L’arte è sicuramente la produzione più complessa nel campo umano, come dimostra l’evoluzione raggiunta oggi da due sue fondamentali espressioni, la letteratura e la musica.
E l’architettura? Se essa diviene progressivamente “arte” espressiva, cioè “produzione complessa” nella società contemporanea, anziché “ars aedificandi" (come hanno affermato recentemente molti architetti superstar quali Gehry, Koolhaas, Wines), con quali nuovi parametri dovrà essere giudicata e valutata?

Nel suo ultimo libro “Entre le temp et l’éternité”, un premio Nobel della fisica, Ilya Prigogine invoca la necessità di un “elemento narrativo” nel discorso teorico della fisica per poter concepire ed esprimere adeguatamente l’evoluzione della materia universale e rivela che natura e cultura sembrano seguire la stessa regola evolutiva e irreversibile dal semplice al complesso, da cui consegue che l’arte suggella l’accordo tra evoluzione della natura ed evoluzione della cultura.

In altre parole, l’arte è divenuta, nel corso della sua evoluzione, il simbolo del principio di libertà e di autorganizzazione cosmica, nonostante che da sempre sia sta accusata dalle classi dominanti “di non servire a nulla”.

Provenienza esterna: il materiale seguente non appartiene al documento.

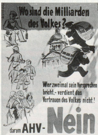
Am 6. Juli 1947 fand die Abstimmung über die AHV statt: 862 036 Ja gegen 215 496 Nein bei einer Stimmbeteiligung von über 60%. Einzig der Kanton Obwalden lehnte die Vorlage ab. Bild: Zwei Plakate des Abstimmungskampfes aus dem Jahre 1947.
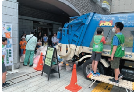
ごみ収集車の中が見えるスケルトン車
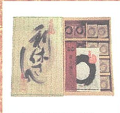
利休さん(吹上堂) 16個入り ¥580 他
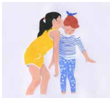
Été 96 de Mathilde Bédouet © L'Heure d'été

Retrouvez la programmation de court métrages à destination du tout jeune public page 17
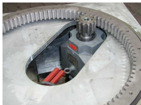
Transport- und Drehgestelle- / Lagertechnik
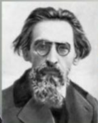
философ Лев Платонович Карсавин (1882-1952)
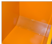
geperforeerde plaat (CS)

Proprio come accade oggi all’architettura, accusata di “non servire a nulla” sia da parte di quelli che pretendono che essa “risolva i problemi della governance della città”(Calthorpe, 1993; Camagni, 2002) sia da parte di coloro che la accusano di essere divenuta “oggetto” ornamentale della metropoli-vetrina globale( La Cecla, 2008), sia da parte di coloro che teorizzano un localismo “estraneo ai processi di globalizzazione economica che hanno generato la destrutturazione del territorio” (Magnaghi,2001).

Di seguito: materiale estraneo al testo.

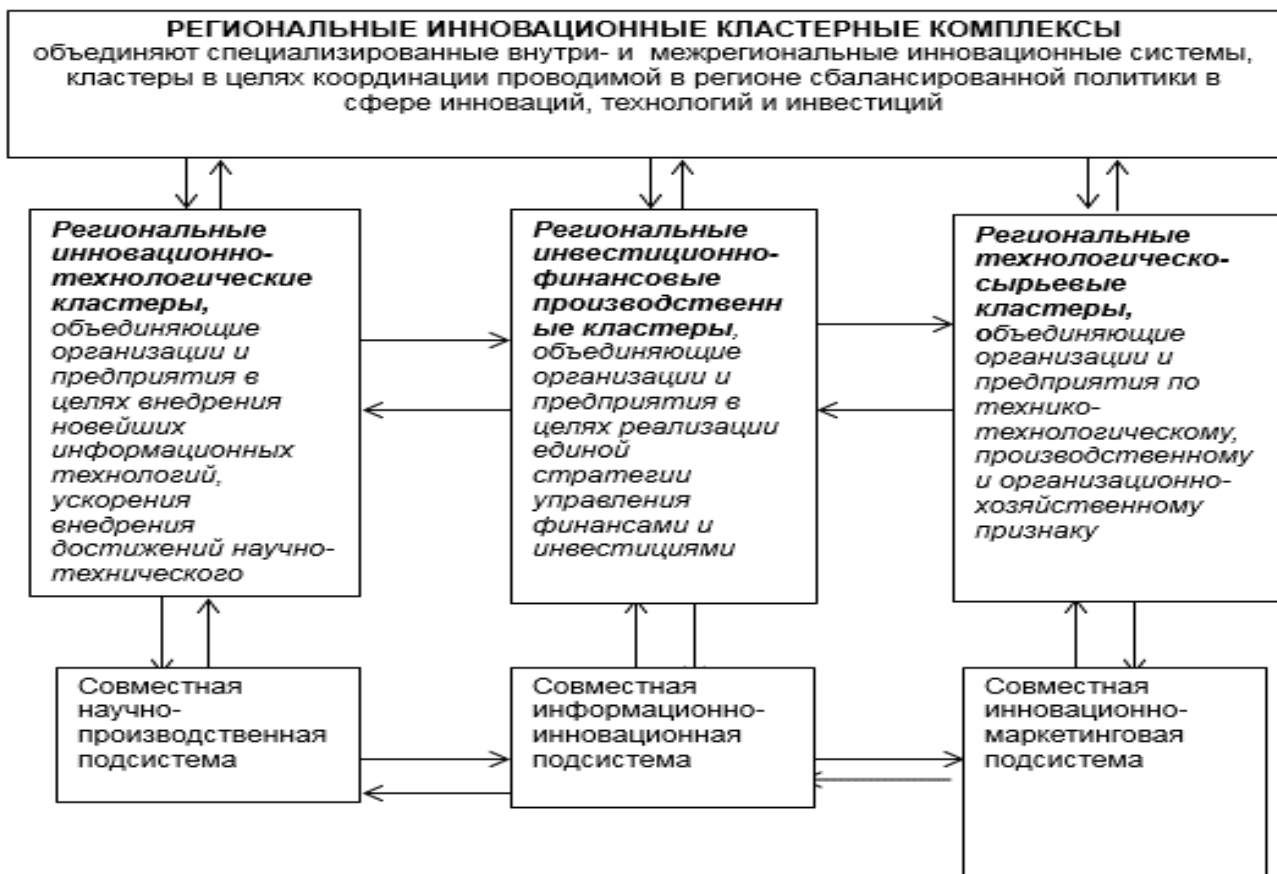
Фиг. 2. Съдържание и функции на регионалните кълъстерни комплекси в постиндустриалната икономика 1

Приоритетните роли при практическата реализация на стратегията за иноватизация на регионалното социално-икономическо развитие трябва да принадлежат на комплексните целеви програми за развитие на венчърните предприятия, малките иновационни предприятия, научно-производствените консултационни фирми и организации, стартъпите, развитието на мрежата на научно-производствените обединения, иновационните системи и подсистеми, иновационно-производствените кълъстери, венчърните предприятия, малките иновационни предприятия и т.н. Друго принципно направление е обосновката на въпросите за материално-техническото и кадровото обезпечение. Иноватизацията на регионалното социално-икономическо развитие поставя принципно нови изисквания пред кадровото обезпечение на дейността на предприятията. Тази кадри трябва да имат знания, умения, навици, компетенции за владеене на най-новата техника и технологии.

Quest’ultima tesi è alla base di una scuola di pensiero, in Italia, “la scuola territorialista”, fondata sull’idea condivisibile che durante l’epoca della modernità, culminata con il fordismo e la produzione di massa, “le teorie dello sviluppo hanno considerato e utilizzato il territorio in termini sempre più riduttivi, negando il valore delle sue qualità intrinseche”. Così, in un lungo processo storico che ha caratterizzato tutta l’epoca moderna, “... il produttore/consumatore ha preso il posto dell’abitante, il sito del luogo, la ragione economica della ragione storica”.

Secondo gli esponenti della “scuola territorialista”, questo processo di “de-territorializzazione” si è accompagnato a partire dagli anni ’70 alla crescita di “nuove povertà”, sia nei paesi ricchi occidentali, sia nei paesi in via di sviluppo.
“…il divario tra crescita economica e benessere è evidente non solo nel terzo mondo, con la crescita di povertà materiali ed estreme ma anche nel primo mondo, con l’incremento di “povertà da sviluppo”( anziché da sottosviluppo), afferma l’architetto Alessandro Giangrande.

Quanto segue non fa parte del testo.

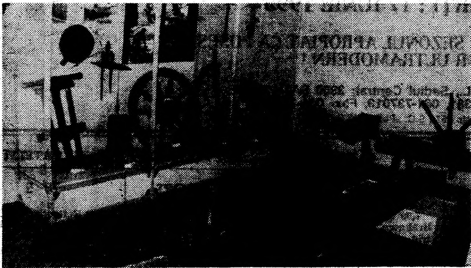
Aspect din Muzeul de etnografie de la Brad.

Tali povertà riguardano principalmente aspetti del degrado urbano, territoriale ed ambientale dei paesi ricchi e quindi sono classificabili, come indicatori di uno sviluppo non sostenibile, governato dai criteri della crescita quantitativa dell’economia e della città.

Conseguentemente Alberto Magnaghi, fondatore negli anni ‘90 della “scuola territorialista” italiana (insieme ad altri architetti tra i quali lo stesso Giangrande, Ferraresi e Rossi Doria,) afferma : “...la possibilità di agire nuovamente l’ars aedificandi dei luoghi si pone innanzitutto come percorso di riappropriazione individuale e collettiva di saperi, di memoria, di culture locali”.
Per raggiungere quest’obiettivo, occorre cambiare radicalmente visione del problema:”... dalla terra come contesto, spazio topografico, supporto tecnico della città fabbrica fordista e della “ machine à habiter “ lecorbuseriana”, bisogna passare al territorio come prodotto umano vivente, costituito da “luoghi” dotati di personalità, bisogna recuperare il concetto di luogo nella sua complessità”.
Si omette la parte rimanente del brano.